Wir fragen Cleo und Albert, ob sie einen Tipp für uns haben. Cleo hat eine bessere Idee. Sie empfiehlt uns die Piroggen-Tour durch die Baie de Saint Joseph und zeigt uns Fotos in einem Buch, das es in der Boutique gibt. Das Wasser in dieser unter UNESCO Schutz stehenden Bucht ist ganz flach und gespickt mit pilzkopfförmigen Felsen, wie wir sie bislang nur auf Fotos aus Fidschi gesehen haben. "Die zweistündige Fahrt mit einer Pirogge durch diese Landschaft ist grandios. Am Ende der Boots-Tour lauft Ihr eine halbe Stunden lang durch einen lichten Wald bis Ihr auf einen Fluss trefft. Dem Flusslauf ein kurzes Stück bergab folgend kommt Ihr zum "Piscine Naturelle", dem "natürlichen Schwimmbad" in der Baie d’Oro. Dort könnt Ihr ganz toll baden. Nehmt am besten Eure Schnorchelausrüstung mit, es lohnt sich. Von Baie d‘Oro zurück nach Kuto braucht Ihr eine Fahrgelegenheit, doch es gibt sicher ein Taxi oder einen Shuttlebus zu den Hotels.
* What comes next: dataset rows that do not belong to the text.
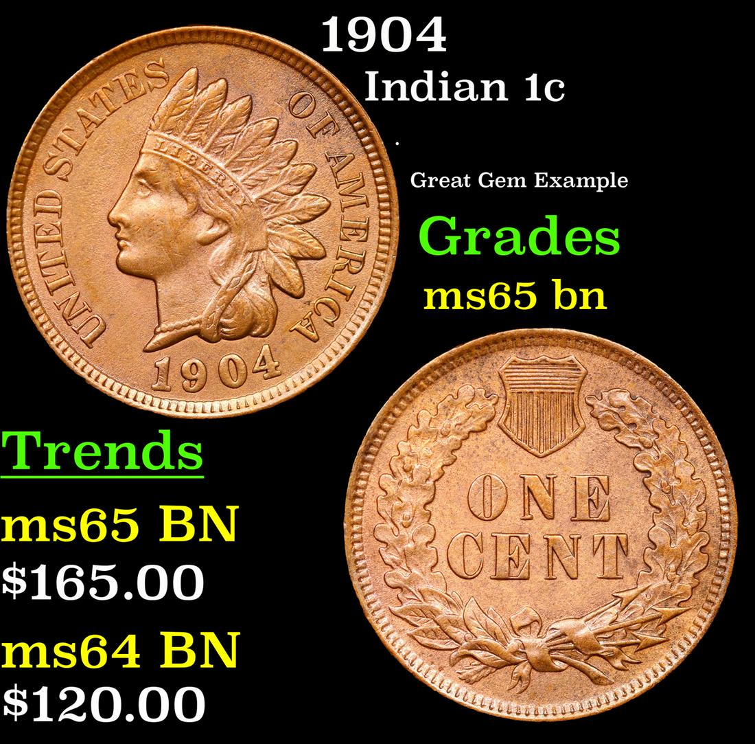 1904 Indian Cent 1c Grades GEM Unc BN
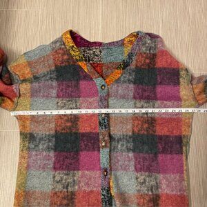 Colorful Plaid Button Front Cardigan Size XXL V-Neck Exposed Seams Casual
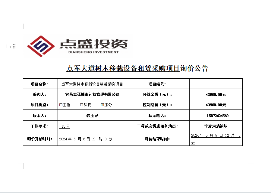 發(fā)布時間:2024/5/6 來源:宜昌點盛投資開發(fā)有限公司 訪問:234
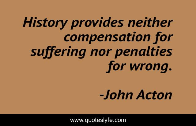 This page presents the quote "History provides neither compensation for suffering nor penalties for wrong.". Author of this quote is John Acton. This quote is about suffering, compensation,.
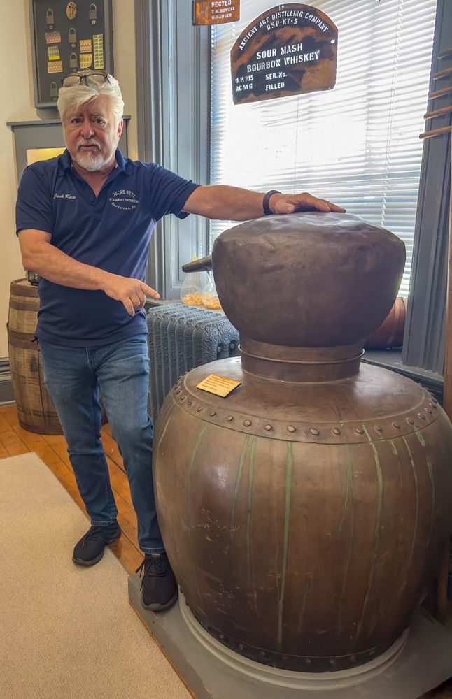 Oscar Getz Museum of Bourbon history one more try. Before driving out, I called to make sure they were open. The woman who answered insisted that they had been open on Sunday, but I think that was an expectation rather than a confirmation. Soon after arrival, I was greeted by Roger. Roger is originally from Chicago, but lived in California for some time before moving to Bardstown to become involved Bourbon culture and the museum. The museum contains the largest collection of whisky and Bourbon artifacts in the world, and Roger had many stories to accompany the collection. He showed me the still that had been recovered from a descendent of George Washington (whiskey sales had been used to finance the Revolutionary War effort) and a particular bottle that had been barreled prior to Prohibition and bottled after, as evidenced by the dates on the label. He also told me about the history of Oscar Getz and of the building before it was acquired from the museum.
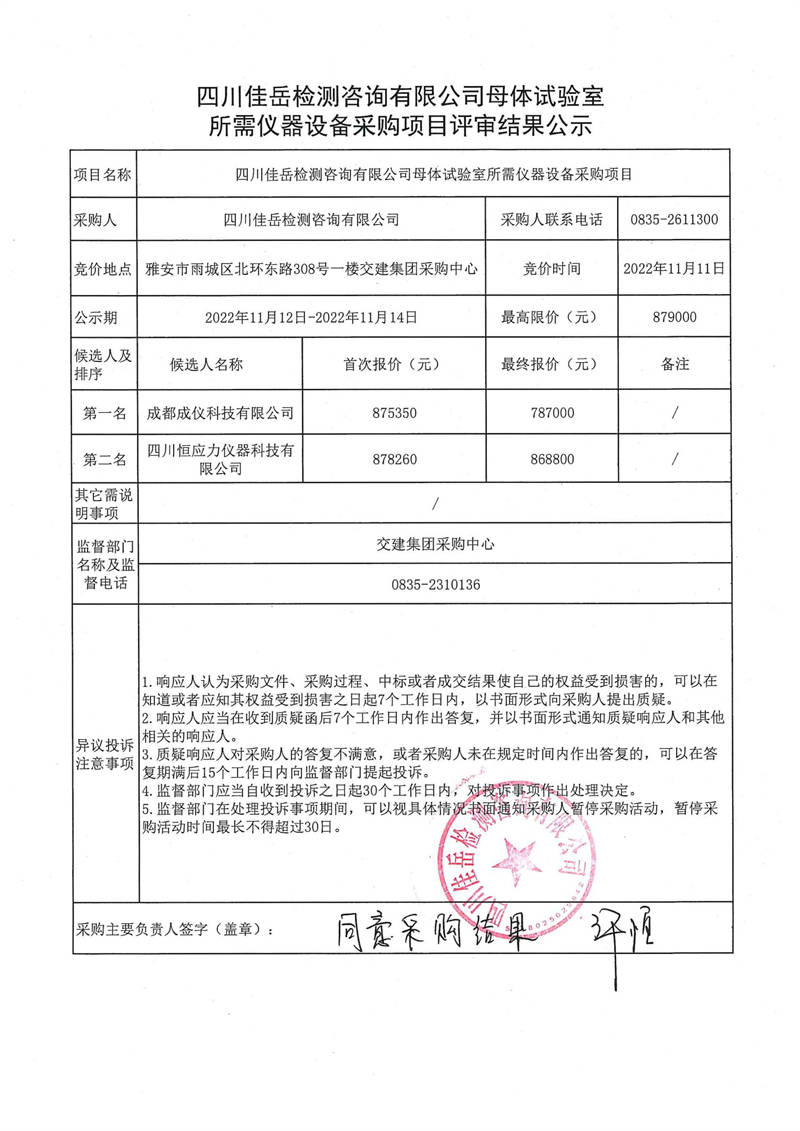 四川佳岳檢測咨詢有限公司母體試驗室所需儀器設(shè)備采購項目評審結(jié)果公示

Alles zusammen kostet in etwa soviel wie ein Mietwagen für einen Tag und auf diesem Ausflug erlebt Ihr sicher mehr." Das klingt prima, das machen wir!

 

Cleo bietet an, uns morgens zum Start der Piroggentour zu bringen, wenn sie ohnehin zum Markt nach Vao fährt. Und sie hält Ausschau nach einem bestimmten Bootsführer. Sie findet ihn auf dem Fahrrad radelnd. Ja, er hat noch 2 Plätze auf seiner Pirogge frei. Es wird ein herrlicher Ausflugstag, am besten schaut Ihr Euch die Fotos in der Bildergalerie an. Insgesamt fahren ca. 8 bis 10 Piroggen an diesem Morgen die Ausflugstour. Die dreieckigen Lateiner-Segel zwischen den vielen kleinen Felsen in glasklarem Wasser ergeben ein tolles Bild. Nur ein Teil der Strecke wird wirklich gesegelt, der Rest wird mit Hilfe eines kleinen Außenborders zurückgelegt. Joachim fällt auf, dass der Außenborder nicht mittig an der Pirogge montiert ist, was ihm hinsichtlich der Steuerungseigenschaften nicht ganz einleuchtet. Aber es funktioniert. Das Wasser im Natur-Schwimmbad ist herrlich und die Fische die darin schwimmen sind bunt, wie immer in den Tropen. Die ganze Horde der Piroggen-Ausflügler belagert das von Pinien gesäumte Ufer, andere Besucher sind mit dem Auto in die Baie d‘Oro gekommen. Als wir eintreffen sind die Schattenplätze unter den Pinien in der ersten Reihe schon alle belegt, aber auch die zweite Reihe ist noch schön. Und eine Rückfahrtgelegenheit ist am Ende des Nachmittags auch schnell gefunden. Danke, Cleo, für den prima Tipp!

 

Das gesellige Leben mit anderen Seglern setzt sich auch auf der Ile des Pins automatisch fort. Es gibt Einladungen und Gegeneinladungen, zu Kaffee, Sundowner und Dinner. Mit Priska und Tobias verbindet uns der Umstand, dass auch die beiden sich nur begrenzt Zeit zum Segeln gegeben haben und dass sie ihr Schiff verkaufen müssen, bevor sie in die Schweiz zurückkehren. Sie sind ca. 10 Jahre jünger als wir und machen eine einjährige Reise von Panama nach Neuseeland. Joachim interessiert sich für neuerdings für Möbelschreinern und findet in Tobias den perfekten Gesprächspartner, denn genau das ist Tobias‘ Beruf. Wie einem das Universum doch so oft genau die richtigen Leute schickt…! Je öfter wir uns treffen, desto herzlicher wird das Verhältnis. Schade, dass die beiden schon im Januar Neuseeland verlassen wollen. Es wird langsam frustrierend, dass wir nette Leute, die wir kennenlernen fast immer gleich nach dem Kennenlernen wieder aus den Augen verlieren!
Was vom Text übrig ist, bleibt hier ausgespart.